This work addresses the limitations of conventional optimal sensor placement methods, which rely on Gaussian assumptions and struggle to accommodate real-world non-Gaussian distributions and modern generative reconstruction models. The authors propose a distribution-agnostic sensor placement framework that, for the first time, integrates the Christoffel function into generative-model-driven state estimation, offering non-asymptotic recovery guarantees for arbitrary signal distributions and sensor configurations. By combining diffusion posterior sampling with flow-matching models, the approach supports both offline and online deployment and is compatible with a wide range of unconditional generative models. Under low sensor budgets, the method significantly outperforms Gaussian baselines and other generative approaches, demonstrating superior performance and model-agnosticism on structured non-Gaussian benchmarks.

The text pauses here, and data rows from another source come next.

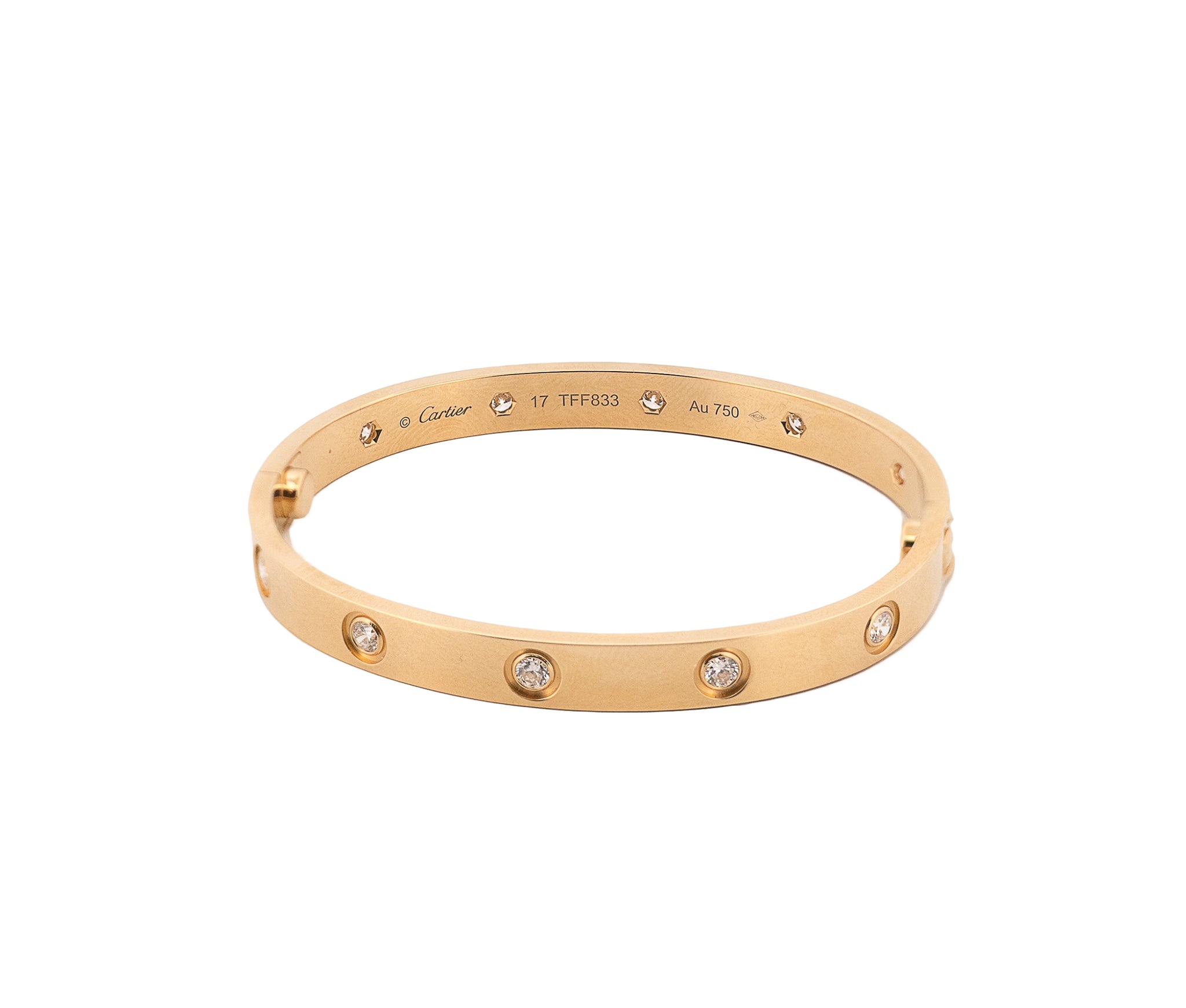 Cartier 18K Yellow Gold 10 Diamond Love Bracelet Size 17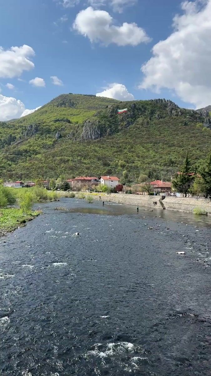 Topics: vacha river, river valley, red roof houses, riverside settlement, rural landscape, water flow, nature, residential, geography, daily life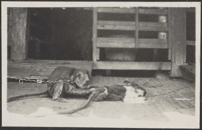 Aapje aan de ketting bij de stal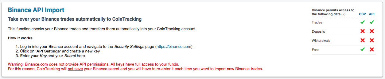 Be careful if you are using the API for syncing your trades. I would suggest enabling the APIs in the exchanges only after enabling the Two Factor Authentication(2FA) and make sure that you only enable the read access in the API. When I was trying to enable the API for Binance I realised that they have all or none access. So your API will either have both Read and Trade access or none. When I saw the API integration screen of Binance I could see the bold read warning message from Cointracking saying that they do not save the API secret key as it has trading access as well. This was good sign for me and my confidence in Cointracking increased after this incident. It is still foolish that Binance doesn’t have access restrictions on their API.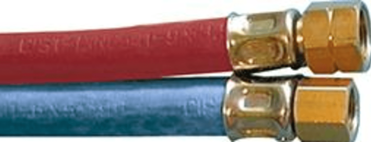 • Acetylen- (9,0 x 3,5 mm) und Sauerstoffschlauch (6,0 x 5,0 mm), beidseitig mit Tülle und Überwurfmutter G 1/4" R bzw. G 3/8" L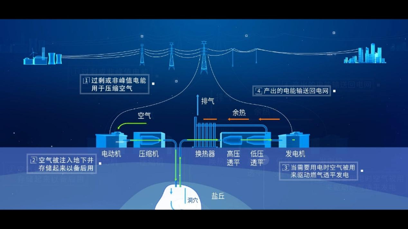 儲(chǔ)能時(shí),利用過(guò)?;蚍欠逯惦娔茯?qū)動(dòng)電動(dòng)機(jī)旋轉(zhuǎn),將電能轉(zhuǎn)化為機(jī)械能,電動(dòng)機(jī)帶動(dòng)壓縮機(jī)(一種將低壓氣體提升為高壓氣體的機(jī)械)將空氣從低壓狀態(tài)壓縮至高壓狀態(tài),并將高壓空氣儲(chǔ)存在儲(chǔ)氣裝置(鹽穴、人工硐室或儲(chǔ)氣罐)中,最終將電能轉(zhuǎn)換成空氣熱能和壓力能。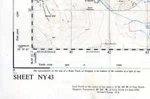 • Sheet number - Shown in the bottom left hand corner of the map (and generally also on the cover for folded versions). Initially the first two digits of the sheet number were also numbers, later these were changed to the OS Grid classification system. eg 30/67 became SY67.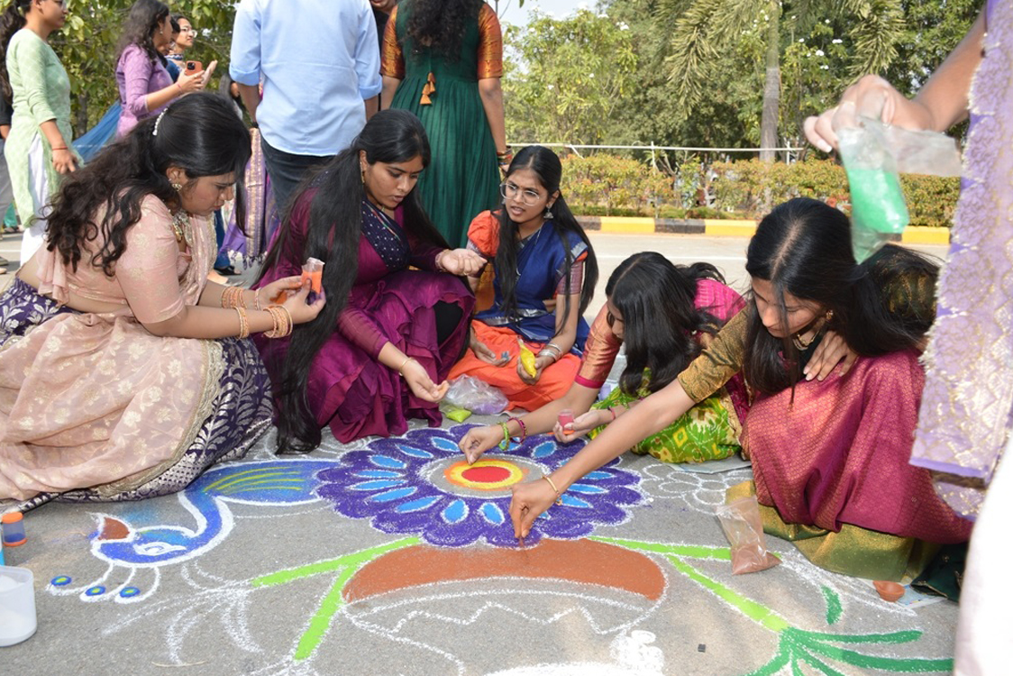 ఉత్సాహభరితమైన అలంకరణలు, సాంప్రదాయ ఆటపాటలతో పాటు విద్యార్థులు ఆనంద క్షణాలను అనుభవించే వాతావరణంలో ఈ వేడుకలు సాగాయి. విద్యార్థులు, అధ్యాపకులు, సిబ్బంది తదితరులు రంగు రంగుల సంప్రదాయ దుస్తులతో తరలి రావడంతో ప్రాంగణమంతా వర్ణశోభితమైంది. మన సంప్రదాయాలను గౌరవించడమే కాకుండా, విద్యార్థుల సృజనాత్మక నైపుణ్యాలకు వెలికితీసే వేదికగా కూడా ఈ వేడుకలు ఉపకరించాయి.ముగ్గుల (రంగోలి) పోటీ, ఎద్దుల బండి, సహజ పద్ధతిలో చెరుకు రసం వెలికితీసే పరికరం ఈ ఉత్సవాలలో ప్రధాన ఆకర్షణగా నిలిచి, పలువురిని ఆకట్టుకున్నాయి. మనదేశమే కాకుండా ప్రపంచవ్యాప్తంగా వివిధ ప్రాంతాల నుంచి వచ్చి, గీతంలో విద్యనభ్యసిస్తున్న విద్యార్థులు కూడా పాల్గొన్న మోకు పందెం (టగ్-ఆఫ్ వార్) పోటీలు వారి ఉత్సాహాన్ని రెట్టింపు చేశారు.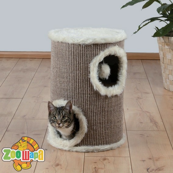 Модель когтеточки «башня», благодаря компактным размерам, не займет много место в квартире. Выполненная в спокойных тонах, она прекрасно впишется в интерьер любого стиля. Внутри башня обтянута плюшем, снаружи натуральным волокном.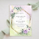 Announce your wedding in style with this Rustic Lavender Purple Boho Chic Geometric Wedding Invitation, featuring two elegant overlapping hexagon frames with a stunning gold foil overlay (digital effect). Adorned with lush eucalyptus, soft wedding greenery, and delicate pampas grass, this design blends modern geometric elegance with a dreamy watercolor wash background. Perfect for a bohemian, rustic, or nature-inspired wedding, this invitation exudes sophistication, romance, and effortless charm. Fully customisable, it’s ideal for couples who love botanical details, gold accents, and a touch of contemporary boho flair.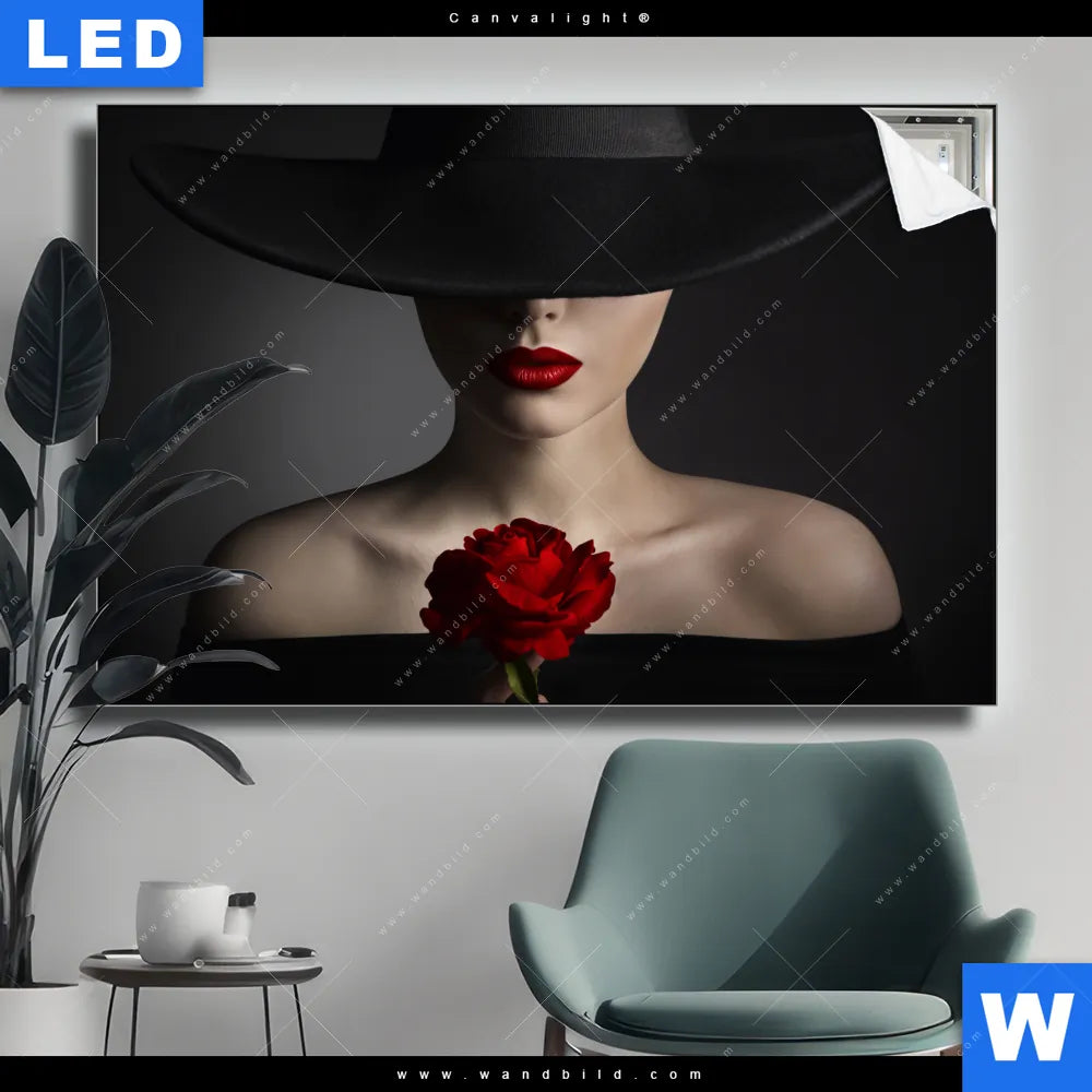 Canvalight® Leuchtbild | Frau mit Hut & Rose | Querformat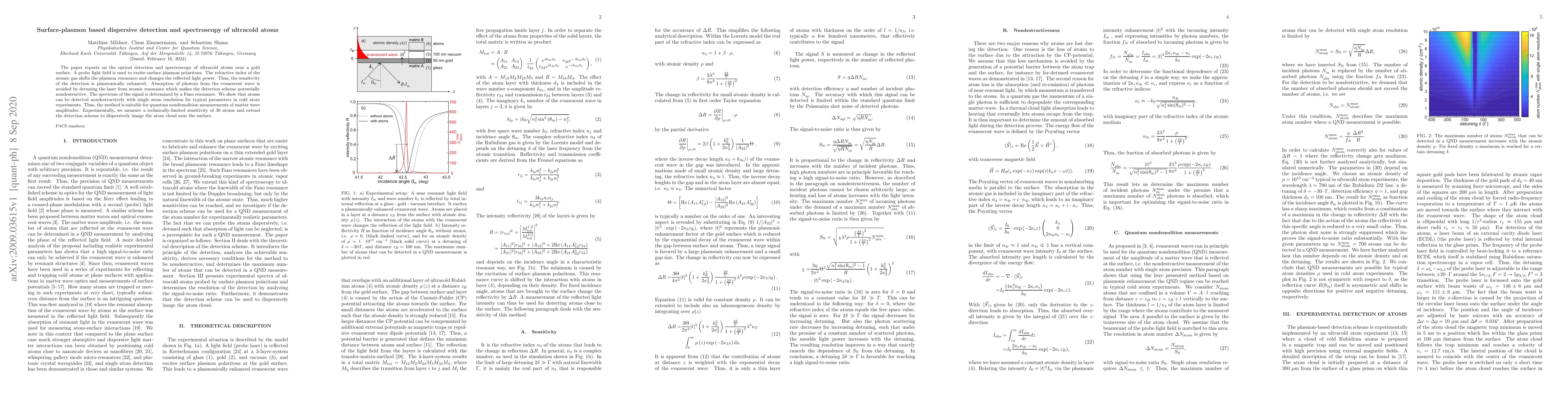 This paper presents a method for nondestructive optical detection and spectroscopy of ultracold atoms using surface plasmon polaritons excited by a probe light field. The method leverages plasmonic enhancement and avoids photon absorption through laser detuning, achieving single atom resolution and demonstrating potential for quantum nondemolition measurements. Experimentally, it achieves a sensitivity of 30 atoms and enables dispersive imaging of atom clouds.

State estimation is a critical task in scientific, engineering and control applications. Since the reliability of reconstructions depends on the number and position of sensors, optimal sensor placement (OSP) is essential in scenarios where measurements are sparse and expensive. Classical OSP approaches rely on Gaussian assumptions and are consequently unable to account for the complex distributions encountered in many real-world systems. Generative-model-based reconstruction using sensor guided diffusion posterior sampling (DPS) has emerged as a promising technique for reconstructing states from highly complex distributions. However, existing sensor-selection methods either require unrealistically many sensors or emulate classical OSP, creating a mismatch between modern recovery models with classical OSP tools motivating the need for fundamentally new ideas towards OSP that match the recent advances made in powerful recovery models. We introduce a distribution-free sensor placement framework based on the Christoffel function: a mathematical formulation of optimal sampling and recovery guarantees for posterior sampling with arbitrary sensors and signal distributions, from which we derive a new OSP strategy with non-asymptotic bounds on the number of sensors needed for recovery. We develop Christoffel-DPS, with offline and online variants, instantiating Christoffel sampling for generative models. Christoffel-DPS outperforms Gaussian OSP baselines and existing generative-model placement methods, validating that distribution-free sensing is both theoretically principled and practically superior. The framework is model-agnostic; we demonstrate its application to a range of unconditional DPS and flow-matching models on structurally non-Gaussian benchmarks, showing the efficacy of Christoffel-DPS in low sensor budget regimes.